The value of a numeric field will contain an integer or float, and this number is interpreted by Funnelback as an 8-byte double. This affects the precision of large and small numerical values when applying range searches against a specific number. The lt_x
and gt_x
operators compare against the exact value specified. Other operators allow a small tolerance, enforced by the accuracy of 8-byte doubles.
Searching numeric metadata
Numeric fields can be queried using CGI parameters. There are no equivalent query language operators for numeric metadata search.
The CGI parameters are:
CGI parameter | Value type | Description |
---|---|---|
lt_CLASS |
float | Performs a "Less than" operation on metadata class |
le_CLASS |
float | Performs a "Less than or equals" operation on metadata class |
gt_CLASS |
float | Performs a "Greater than" operation on metadata class |
ge_CLASS |
float | Performs a "Greater than or equals" operation on metadata class |
eq_CLASS |
float | Performs an "Equals" operation on metadata class |
ne_CLASS |
float | Performs a "Not Equals" operation on metadata class |
Note: The CGI parameters currently work only as scoping operators. There must be a query
to define a result set which is then scoped by lt_x
etc. If there is no query
there will be no results.
Numeric metadata can also be sorted using the sort=metaCLASSNAME
or sort=dmetaCLASSNAME
parameters. See: sort options for more information on sorting search results.
Metadata class types: geospatial x/y coordinate
Defining a field as geospatial type metadata tells Funnelback to interpret the contents of the field as a decimal lat/long coordinate. (e.g. -31.95516;115.85766
). This is used by Funnelback to assign a geospatial coordinate to an indexed item (effectively pinning it to a single point on a map). A geospatial metadata field is useful if you wish to add any location-based search constraints such as show me items within a specified distance to a specified origin point, or sort the results by proximity (closeness) to a specific point.
A geospatial metadata coordinate is not required if you just want to plot the item onto a map in the search results (a text type value will be fine as it's just a text value you are passing to the mapping API service that will generate the map).
Searching geospatial metadata
A number of geospatial CGI parameters are available when searching geospatial metadata.
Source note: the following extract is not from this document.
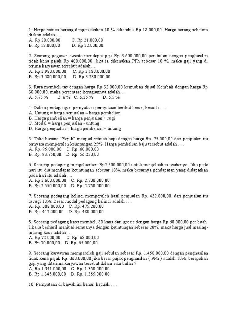 Edris Zahroini Edris Zahroini from edriszahroini.files.wordpress.com Seorang pedagang kaos membeli 60 kaos dari grosir dengan harga rp40.000,00. Seorang pedagang kaos membeli 60 kaos dari grosir dengan harga rp40.000,00. Seorang pedagang kaos membeli 60 kaos dari grosir dengan harga rp40.000,00. Seorang pedagang kaos membeli 60 kaos dari grosir dengan harga rp 40.000,00. Seorang pedagang kaos membeli 60 kaos dari grosir dengan harga rp40.000,00. Baju tersebut dijual dengan label harga rp9000000 dengan bertuliskan disko. Seorang pedagang tas membeli 70 kaos dari grosir. Seorang pedagang tas membeli 70 kaos dari grosir.

These parameters can be used to scope the search to items with a geospatial coordinate within a specific distance of an origin point.
This allows for a show results near me search when used in conjunction with a user's GPS or browser-derived location coordinates.
CGI parameter | Description |
---|---|
origin=X,Y |
Specifies a coordinate (formatted as x,y e.g. origin=24.543,-2.331 ) that will be used as the reference point for geospatial calculations. |
maxdist=DISTANCE |
Can be used to restrict a search to a DISTANCE (in km) from the origin. (e.g. maxdist=20 ) |
Geospatial metadata can also be sorted by proximity to the origin point by using the sort=prox
or sort=dprox
parameters. See: sort options for more information on sorting search results.
Metadata class types: document permissions
Funnelback interprets the value contained in a document permissions type metadata class as a document lock string describing the access controls that apply to the document.
This is used for enterprise search collections that enforce document level security.
The format of the lockstring is determined by the connector that is used for the repository that is being indexed.
Defining a document permissions type metadata field will prevent all results from the index from being returned unless an appropriate security plugin has been defined. This is to enforce a miniminum level of security over the collection when document level security is enabled. For this reason metadata fields of this type should only be defined when indexing a supported repository type that requires a document permissions metadata field to be defined.
See: document level security for further information.